Discovery of YbNiSb-Based Half-Heusler Alloys as Promising Thermoelectric Materials

Abstract

Half-Heusler materials are promising candidates for high-temperature power generation and have relatively high lattice thermal conductivity compared to other thermoelectric material systems. In this work, we report novel p-type YbNiSb-based half-Heusler alloys with a low lattice thermal conductivity (∼3.6 W m–1 K–1 at 340 K) that resulted from their large Grüneisen parameter, low sound speed, and low Debye temperature. All YbNiSb-based alloys exhibit a high carrier mobility of 30–50 cm2 V–1 s–1 at room temperature because of their relatively small effective mass. Importantly, the structural analysis reveals that Yb-rich Yb1.3Ni0.9Sb0.8 exhibits Yb/Ni and Yb/Sb substitution, indicating a wide homogeneity region of the YbNiSb phase experimentally. The adjustable Yb and Ni contents in YbNiSb-based alloys can modify the band structure around the Fermi level and significantly affect electrical transport properties.

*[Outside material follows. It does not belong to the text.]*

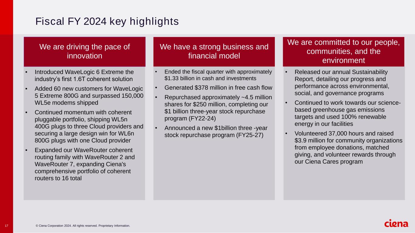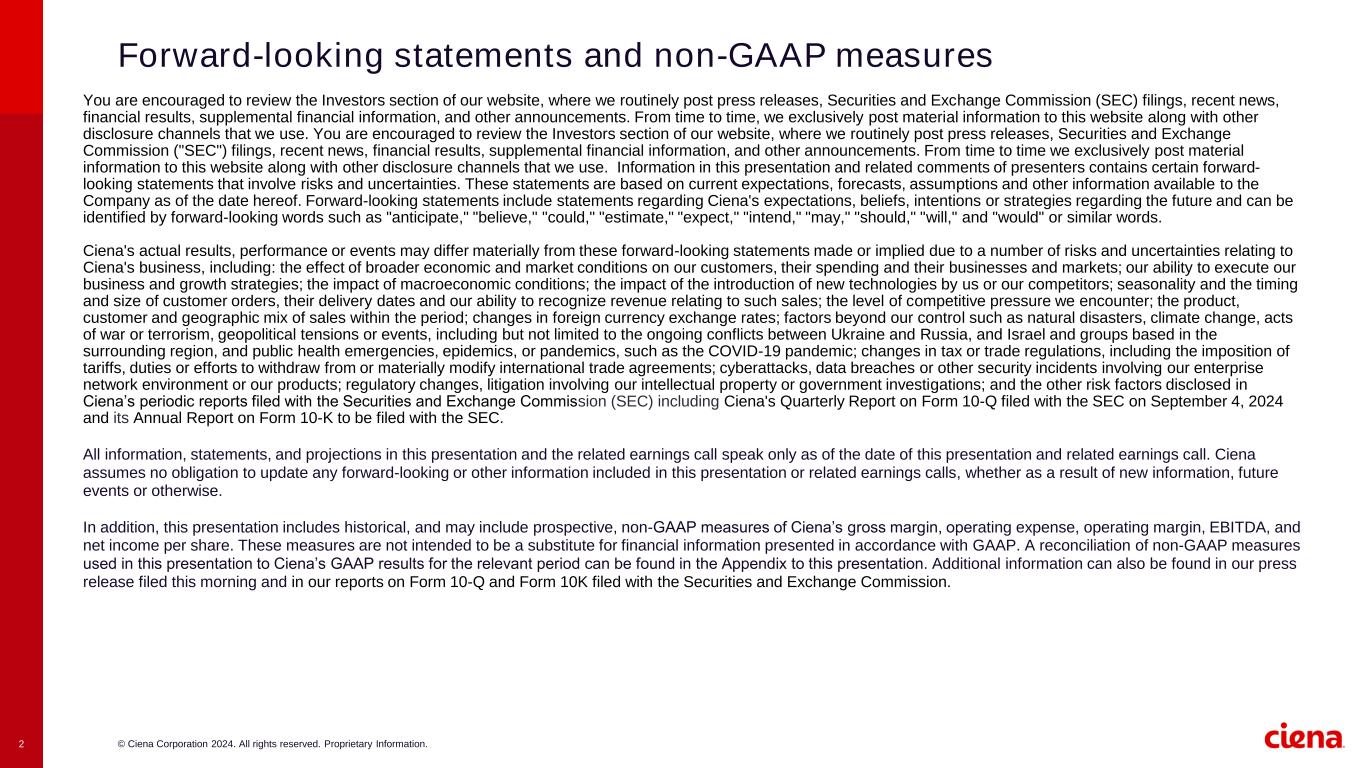 © Ciena Corporation 2024. All rights reserved. Proprietary Information.2 Forward-looking statements and non-GAAP measures You are encouraged to review the Investors section of our website, where we routinely post press releases, Securities and Exchange Commission (SEC) filings, recent news, financial results, supplemental financial information, and other announcements. From time to time, we exclusively post material information to this website along with other disclosure channels that we use. You are encouraged to review the Investors section of our website, where we routinely post press releases, Securities and Exchange Commission ("SEC") filings, recent news, financial results, supplemental financial information, and other announcements. From time to time we exclusively post material information to this website along with other disclosure channels that we use. Information in this presentation and related comments of presenters contains certain forward- looking statements that involve risks and uncertainties. These statements are based on current expectations, forecasts, assumptions and other information available to the Company as of the date hereof. Forward-looking statements include statements regarding Ciena's expectations, beliefs, intentions or strategies regarding the future and can be identified by forward-looking words such as "anticipate," "believe," "could," "estimate," "expect," "intend," "may," "should," "will," and "would" or similar words. Ciena's actual results, performance or events may differ materially from these forward-looking statements made or implied due to a number of risks and uncertainties relating to Ciena's business, including: the effect of broader economic and market conditions on our customers, their spending and their businesses and markets; our ability to execute our business and growth strategies; the impact of macroeconomic conditions; the impact of the introduction of new technologies by us or our competitors; seasonality and the timing and size of customer orders, their delivery dates and our ability to recognize revenue relating to such sales; the level of competitive pressure we encounter; the product, customer and geographic mix of sales within the period; changes in foreign currency exchange rates; factors beyond our control such as natural disasters, climate change, acts of war or terrorism, geopolitical tensions or events, including but not limited to the ongoing conflicts between Ukraine and Russia, and Israel and groups based in the surrounding region, and public health emergencies, epidemics, or pandemics, such as the COVID-19 pandemic; changes in tax or trade regulations, including the imposition of tariffs, duties or efforts to withdraw from or materially modify international trade agreements; cyberattacks, data breaches or other security incidents involving our enterprise network environment or our products; regulatory changes, litigation involving our intellectual property or government investigations; and the other risk factors disclosed in Ciena’s periodic reports filed with the Securities and Exchange Commission (SEC) including Ciena's Quarterly Report on Form 10-Q filed with the SEC on September 4, 2024 and its Annual Report on Form 10-K to be filed with the SEC. All information, statements, and projections in this presentation and the related earnings call speak only as of the date of this presentation and related earnings call. Ciena assumes no obligation to update any forward-looking or other information included in this presentation or related earnings calls, whether as a result of new information, future events or otherwise. In addition, this presentation includes historical, and may include prospective, non-GAAP measures of Ciena’s gross margin, operating expense, operating margin, EBITDA, and net income per share. These measures are not intended to be a substitute for financial information presented in accordance with GAAP. A reconciliation of non-GAAP measures used in this presentation to Ciena’s GAAP results for the relevant period can be found in the Appendix to this presentation. Additional information can also be found in our press release filed this morning and in our reports on Form 10-Q and Form 10K filed with the Securities and Exchange Commission.

Additionally, by doping Ta at Yb sites, the carrier concentration and lattice thermal conductivity of these alloys can be manipulated. Consequently, a peak zT value of 0.45 at 823 K was achieved for Yb0.95Ta0.05NiSb. Our work demonstrates that YbNiSb-based alloys are promising p-type thermoelectric materials and suggests the possibility of exploring novel thermoelectric alloys in rare-earth nickel pnictides via tuning their composition and crystal structure.